* **What you have to do**: Send back the records exactly as written, with no images.

* **Data shown**:
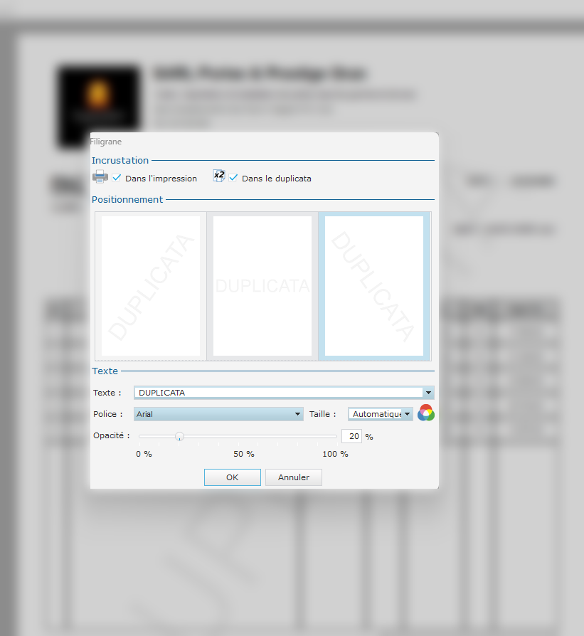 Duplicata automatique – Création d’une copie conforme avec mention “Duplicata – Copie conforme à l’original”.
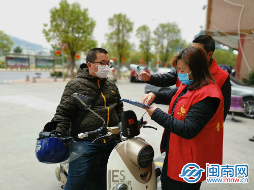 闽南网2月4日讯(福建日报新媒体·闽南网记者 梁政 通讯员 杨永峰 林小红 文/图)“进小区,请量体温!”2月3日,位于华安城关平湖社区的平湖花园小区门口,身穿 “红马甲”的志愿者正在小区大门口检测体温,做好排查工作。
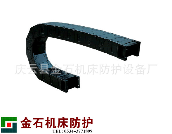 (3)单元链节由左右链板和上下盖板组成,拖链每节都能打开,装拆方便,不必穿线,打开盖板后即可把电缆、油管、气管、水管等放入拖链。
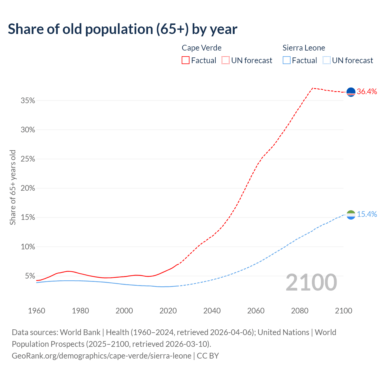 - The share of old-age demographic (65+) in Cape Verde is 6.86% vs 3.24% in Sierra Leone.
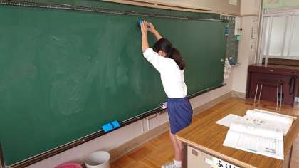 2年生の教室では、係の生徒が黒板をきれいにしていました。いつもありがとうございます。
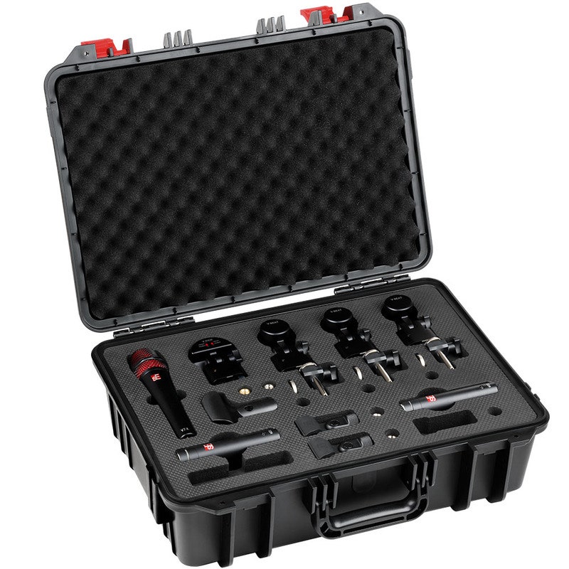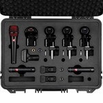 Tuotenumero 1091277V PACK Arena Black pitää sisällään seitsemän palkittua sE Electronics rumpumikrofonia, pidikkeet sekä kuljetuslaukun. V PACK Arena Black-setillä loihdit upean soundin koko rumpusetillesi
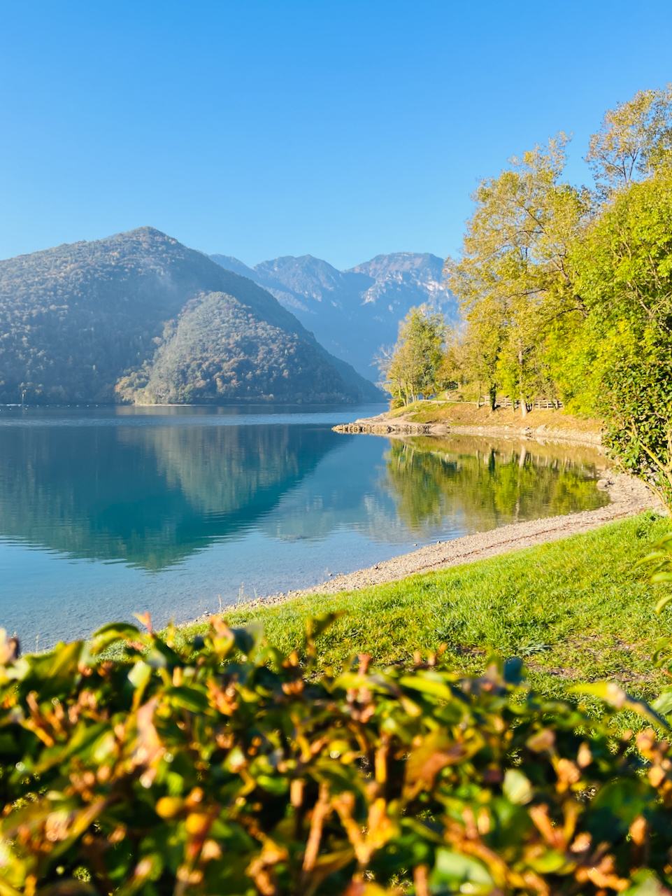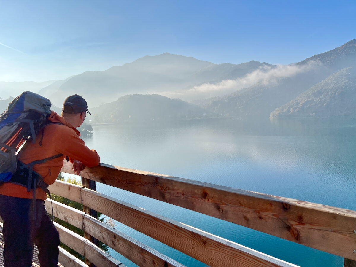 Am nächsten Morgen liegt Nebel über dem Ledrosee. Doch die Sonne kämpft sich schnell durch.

* **Written response**:
 Duplicata automatique – Création d’une copie conforme avec mention “Duplicata – Copie conforme à l’original”.
 闽南网2月4日讯(福建日报新媒体·闽南网记者 梁政 通讯员 杨永峰 林小红 文/图)“进小区,请量体温!”2月3日,位于华安城关平湖社区的平湖花园小区门口,身穿 “红马甲”的志愿者正在小区大门口检测体温,做好排查工作。
 (3)单元链节由左右链板和上下盖板组成,拖链每节都能打开,装拆方便,不必穿线,打开盖板后即可把电缆、油管、气管、水管等放入拖链。
 - The share of old-age demographic (65+) in Cape Verde is 6.86% vs 3.24% in Sierra Leone.
 2年生の教室では、係の生徒が黒板をきれいにしていました。いつもありがとうございます。
 Tuotenumero 1091277V PACK Arena Black pitää sisällään seitsemän palkittua sE Electronics rumpumikrofonia, pidikkeet sekä kuljetuslaukun. V PACK Arena Black-setillä loihdit upean soundin koko rumpusetillesi
 Am nächsten Morgen liegt Nebel über dem Ledrosee. Doch die Sonne kämpft sich schnell durch.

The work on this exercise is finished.